Madhu Pandit Dasa is a spiritual leader, the President of ISKCON Bangalore. As a humanitarian, he has been actively involved in programs like Akshaya Patra that provides mid-day meals to children studying in Government schools. He is the Founder and Chairman of The Akshaya Patra Foundation, guiding the organisation to realise the vision - "No child in India shall be deprived of education because of hunger”. The Government of India has conferred upon him the prestigious Padma Shri Award in recognition of the distinguished service rendered by Akshaya Patra Foundation for the children of India. He is also the Chairman of Vrindavan Chandrodaya Mandir, the upcoming iconic cultural and heritage complex in Vrindavan. Sri Madhu Pandit Dasa is also the Chairman of Basil Woods Institutions.

==Biography==

Madhu Pandit Dasa, originally a student of science, achieved recognition through a national talent search program during his pre-degree years. After attending IIT-Bombay, he dedicated his life to the mission of A.C. Bhaktivedanta Swami Prabhupada. Over nearly three decades, he has engaged in various initiatives aimed at improving the quality of life for millions of people in India.
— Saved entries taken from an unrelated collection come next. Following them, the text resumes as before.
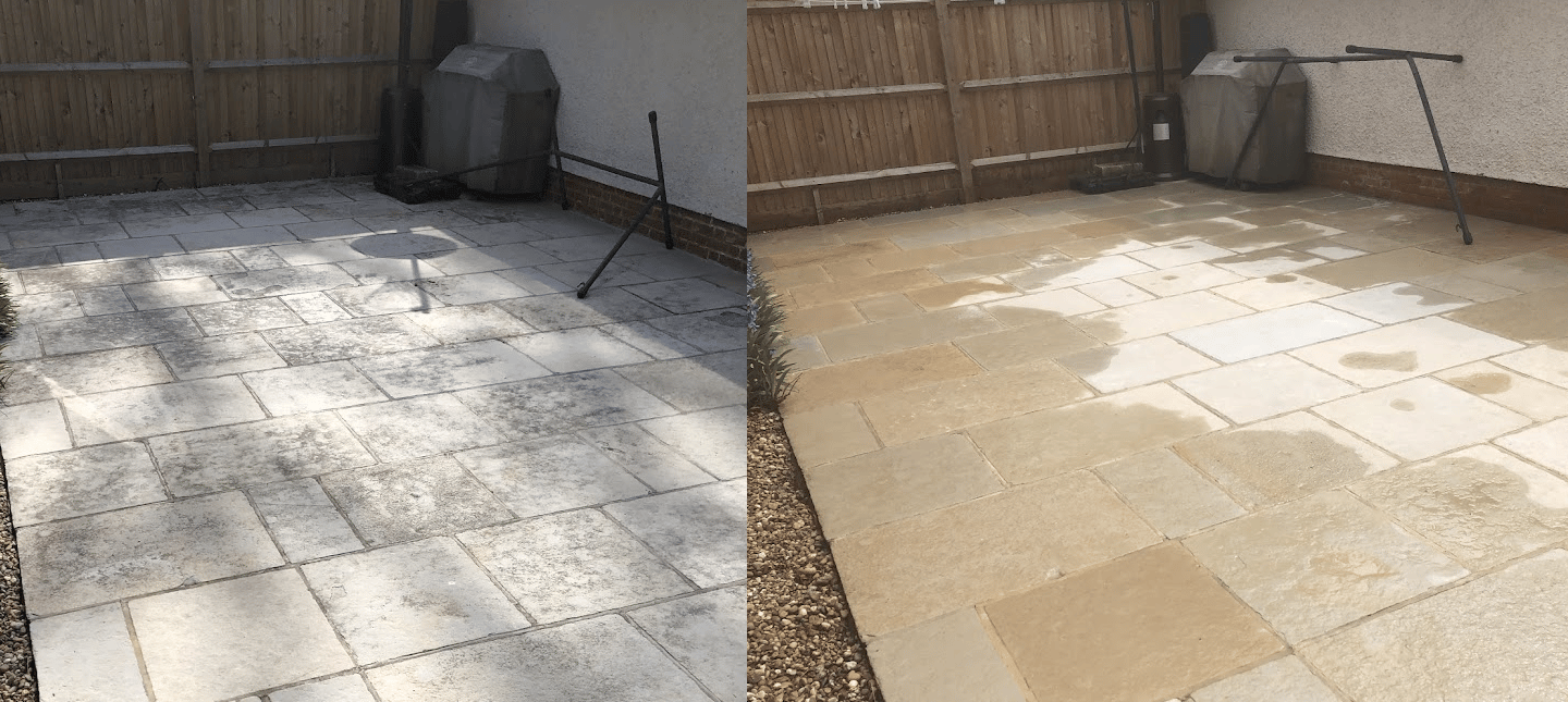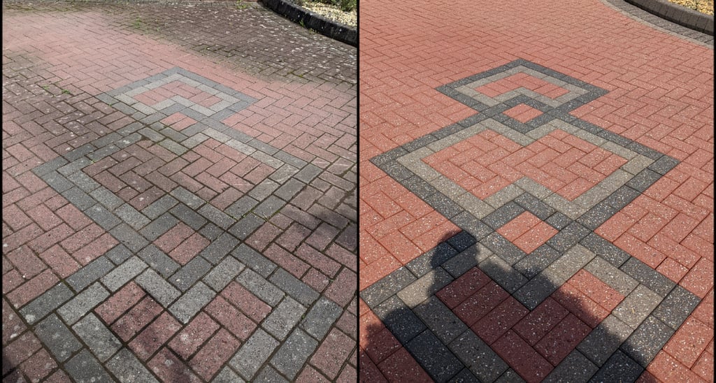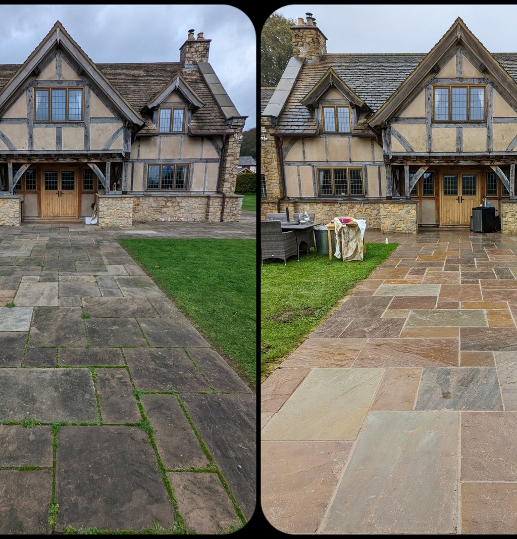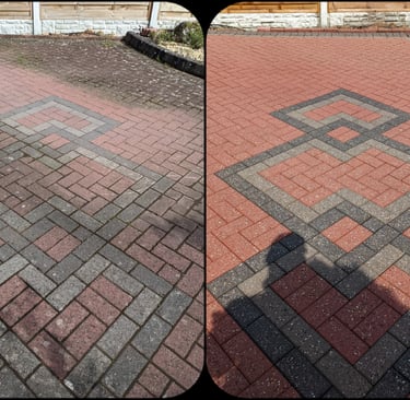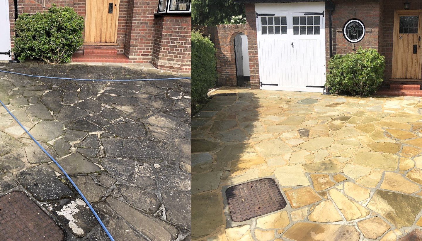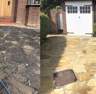 Explore our stunning exterior cleaning transformations for driveways and patios.
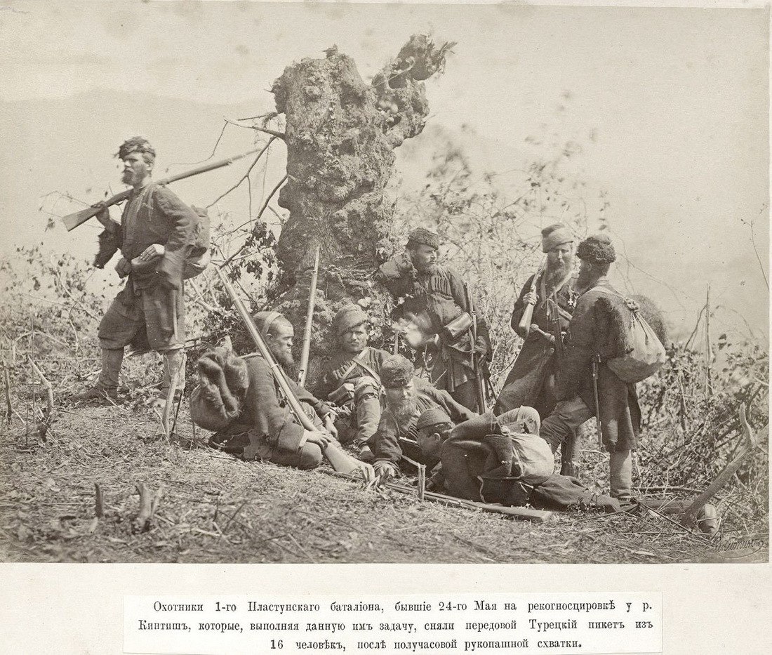 Казаки-пластуны в Русско-турецкой войне 1877-1878 гг после победного получасового рукопашного боя с турками.
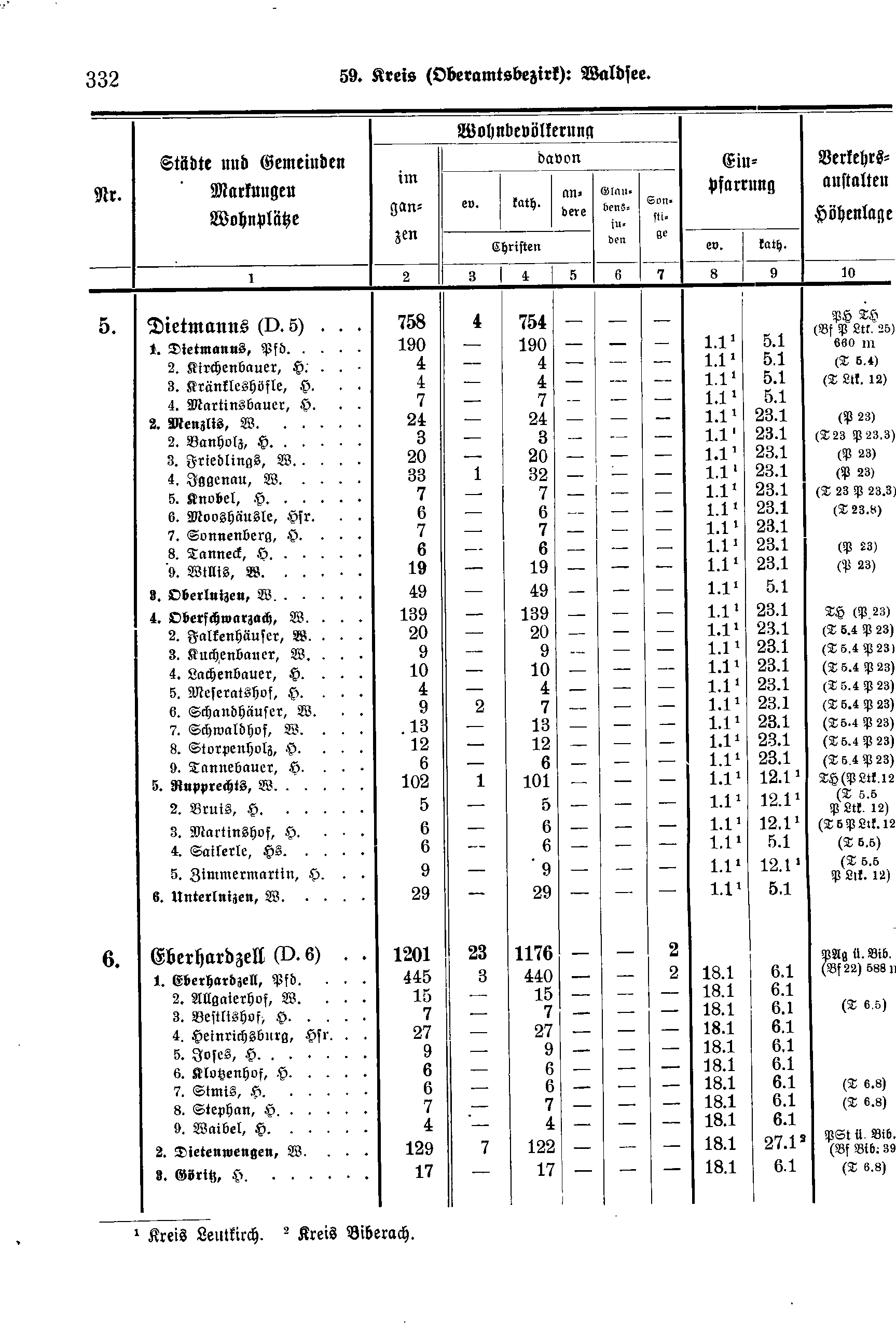 Wohnbevölkerung | Einpfarrung | Verkehrs-anstalten Höhenlage | ||||||
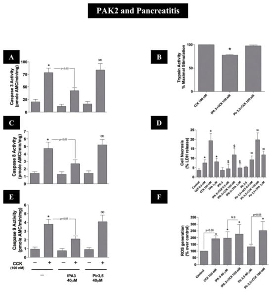 Furthermore, the activation of reactive oxygen species [ROS] has been reported to play an important role in the pathobiology of acute pancreatitis in various disease models [198,204,205], and this was also found to be dependent on the activation of PAK2 [12] (Figure 4 and Figure 7F and Table 2). In addition, in the supramaximal CCK model as well as other models of acute pancreatitis, acinar cell death can occur and is mediated by the activation of apoptosis and necrosis [198,206,207]. For the stimulation of apoptosis in acute pancreatitis, the activation of caspases 3, 8 and 9 plays an essential role, and, in this recent study [12], the activation of these caspases required the activation of PAK2 (Figure 4 and Figure 7A,C,E and Table 2). Furthermore, the activation of PAK2 was an important mediator of necrosis in this model of acute pancreatitis (Figure 4 and Figure 7B,D and Table 2) [12]. The authors of this study [12] propose that because of the multiple roles of PAK2 in the pathobiology of experimental acute pancreatitis, PAK2 could be an important therapeutic target for the treatment of acute pancreatitis.
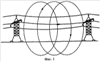 на фиг.1 – расположение силовых линий магнитного поля вокруг проводов ЛЭП, вызванных протеканием транспортного тока по проводам;
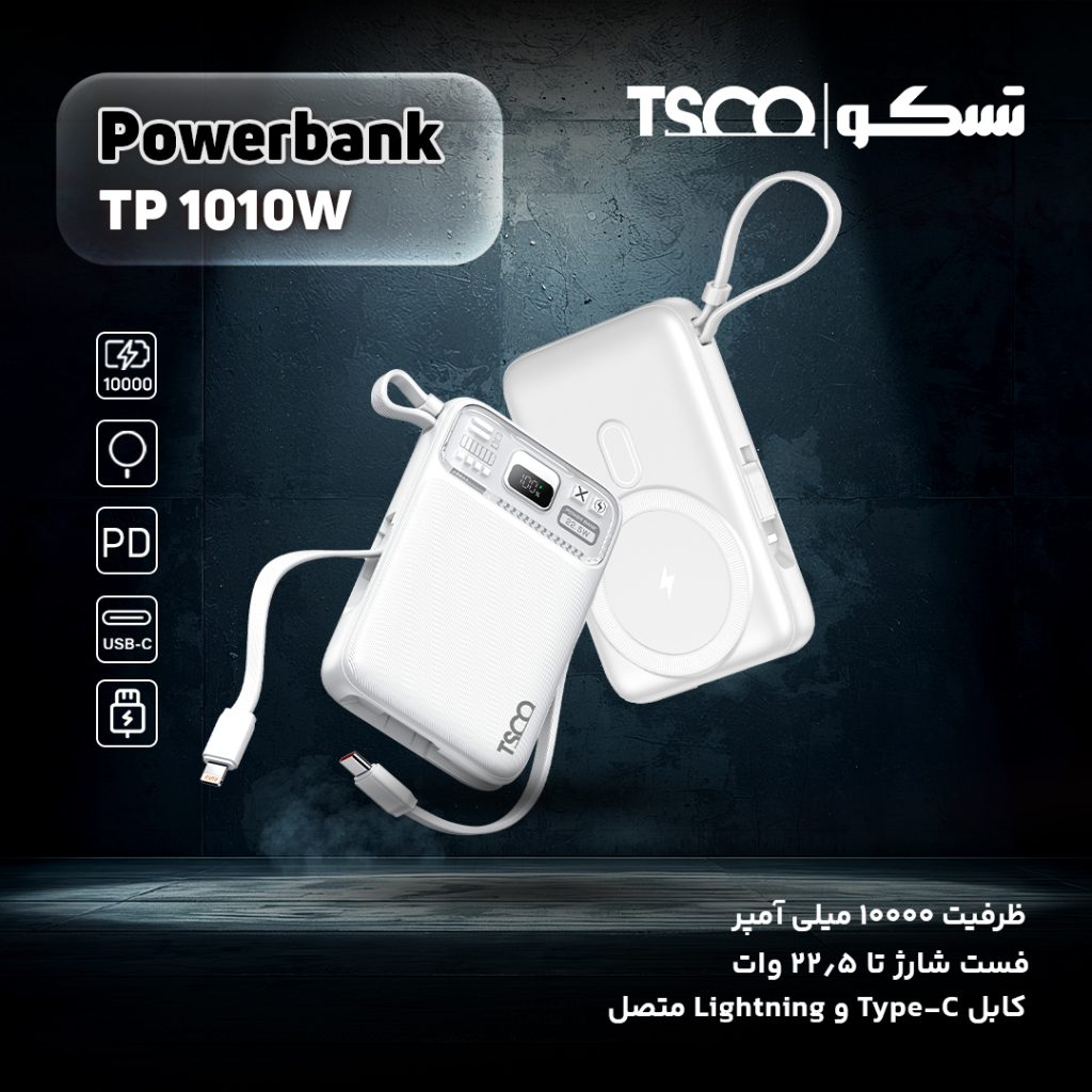 اینجا دقیقاً جایی است که پاوربانک تسکو مدل TP 1010W وارد عمل میشود؛ همراهی کوچک اما قدرتمند که میتواند خیال شما را از بابت شارژ دستگاههایتان راحت کند.
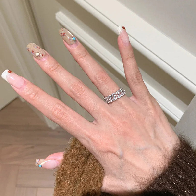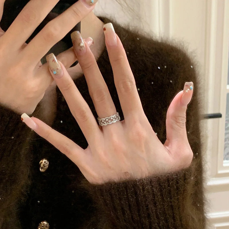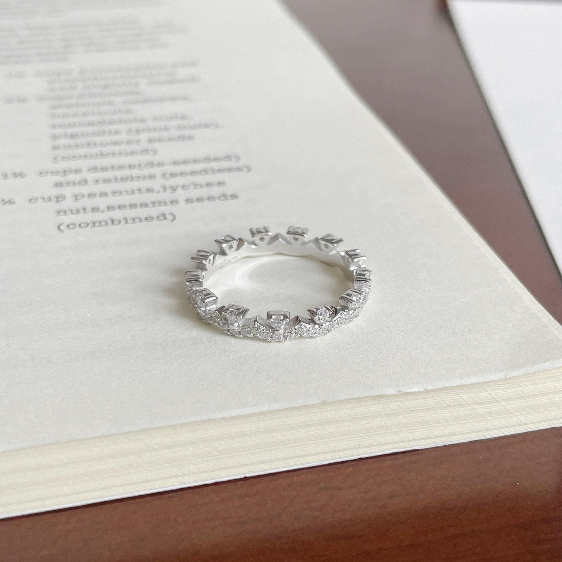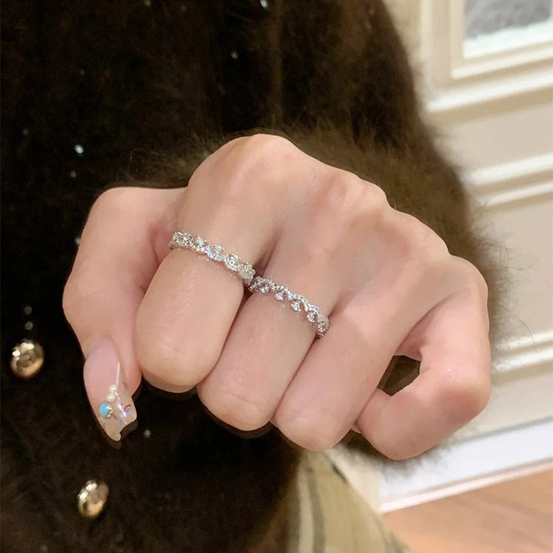 F廠【DQ8934R】S925純銀精緻滿鑲蕾絲排鑽戒指女精緻高級感ins簡約疊戴指環 25.04-2

In addition to his work in the social sector, he has developed innovative approaches to present India’s ancient cultural ethos within a modern scientific and technological framework.

==The Akshaya Patra Foundation==

July 2000 saw the beginning of an initiative led by Madhu Pandit Dasa - the Akshaya Patra Foundation. The purpose of the Foundation was to serve underprivileged children by providing mid-day meals at Government schools of Bengaluru Rural District. To meet the requirement of preparing meals in large quantity, a centralised kitchen was designed by Madhu Pandit Dasa. He also gave the Foundation a working Governance Model, where transparency and accountability are the core values. Based on these values, Akshaya Patra has become one of the few trustworthy NGOs in the country. Demonstrating this point, Akshaya Patra has been awarded the Institute of Chartered Accountants of India (ICAI)’s Gold Shield Award for Excellence in Financial Reporting consecutively five times, placing the Foundation in its Hall of Fame. Akshaya Patra has spanned 25 years and has grown from providing mid-day meals to 1,500 children to 2.2 million children everyday across the country.

==Inspiration==
The teachings of Srila Prabhupada, the Founder-Acharya of ISKCON and the Inspiration behind the Akshaya Patra programme has been Madhu Pandit Dasa's guiding light throughout his journey as a missionary.
Srila Prabhupada’s biography inspired Madhu Pandit Dasa to join the International Society of Krishna Consciousness (ISKCON).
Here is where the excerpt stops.